** Opening DATA SEGMENT block **
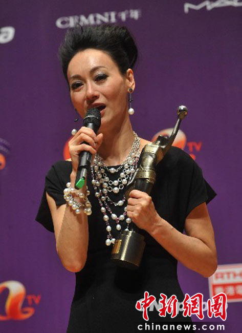 4月18日晚,“第二十九屆香港電影金像獎”頒獎典禮在香港文化中心大劇院隆重舉行,影星惠英紅憑演出電影“心魔”奪得最佳女主角獎項。圖為惠英紅手持獎座向媒體暢談感受。 中新社發 鄧慶樂 攝
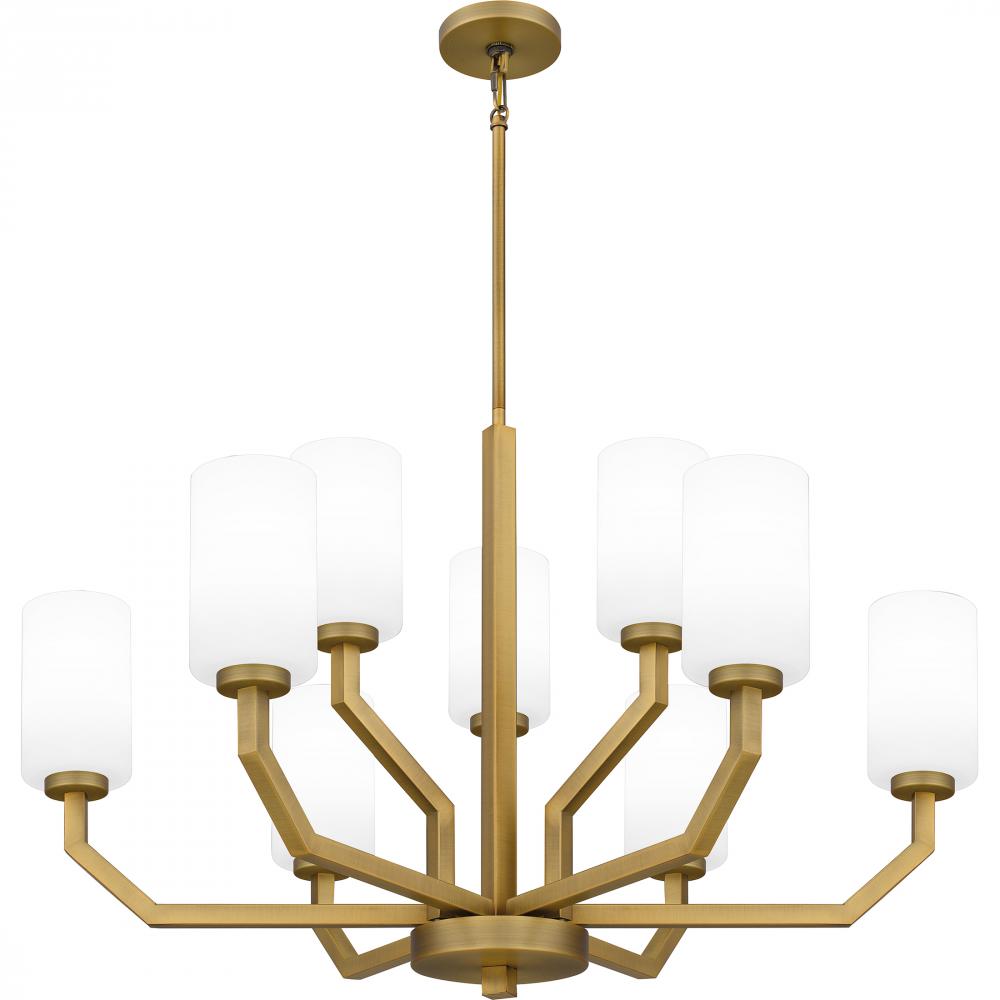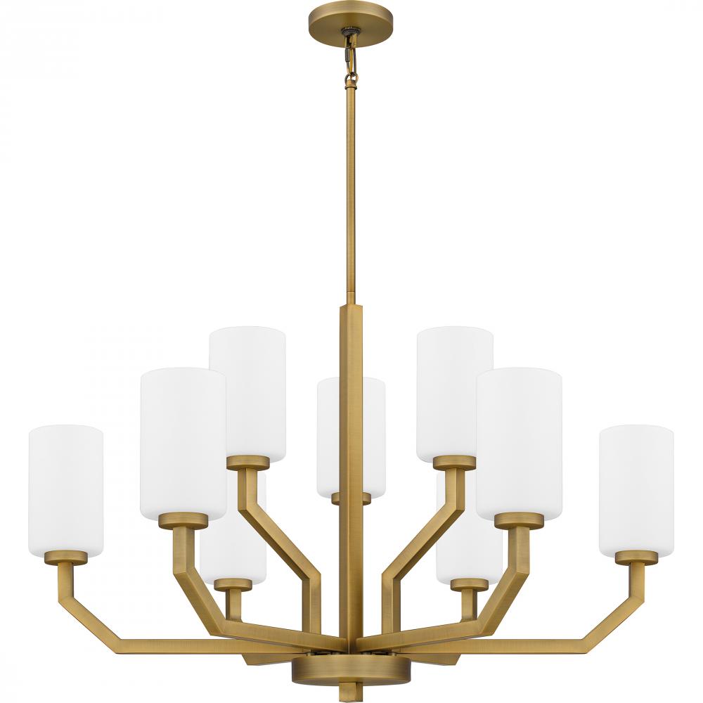 Modern art meets functional lighting in Cavalier. Soft opal glass shades rest atop sculptural, slightly bending arms for a geometric yet sophisticated feel. The aged brass finish adds a beautiful luster, making the Cavalier chandelier a perfect statement p
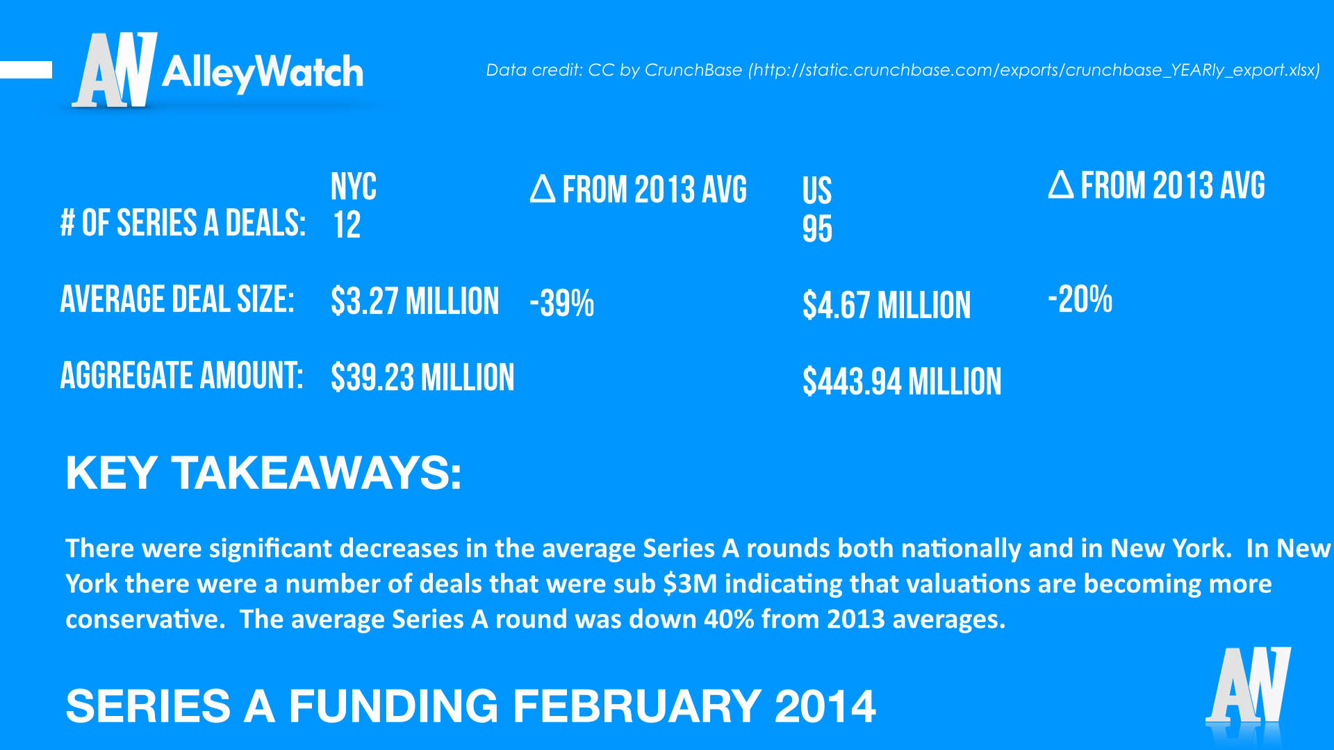 There were significant decreases in the average Series A rounds both nationally and in New York. In New York, there were a number of deals that were sub $3M indicating that valuations are becoming more conservative.
** Closing DATA SEGMENT block **
Copy the listing exactly, omitting pictures.

:: EXERCISE OUTPUT ::
 4月18日晚,“第二十九屆香港電影金像獎”頒獎典禮在香港文化中心大劇院隆重舉行,影星惠英紅憑演出電影“心魔”奪得最佳女主角獎項。圖為惠英紅手持獎座向媒體暢談感受。 中新社發 鄧慶樂 攝
 Modern art meets functional lighting in Cavalier. Soft opal glass shades rest atop sculptural, slightly bending arms for a geometric yet sophisticated feel. The aged brass finish adds a beautiful luster, making the Cavalier chandelier a perfect statement p
 There were significant decreases in the average Series A rounds both nationally and in New York. In New York, there were a number of deals that were sub $3M indicating that valuations are becoming more conservative.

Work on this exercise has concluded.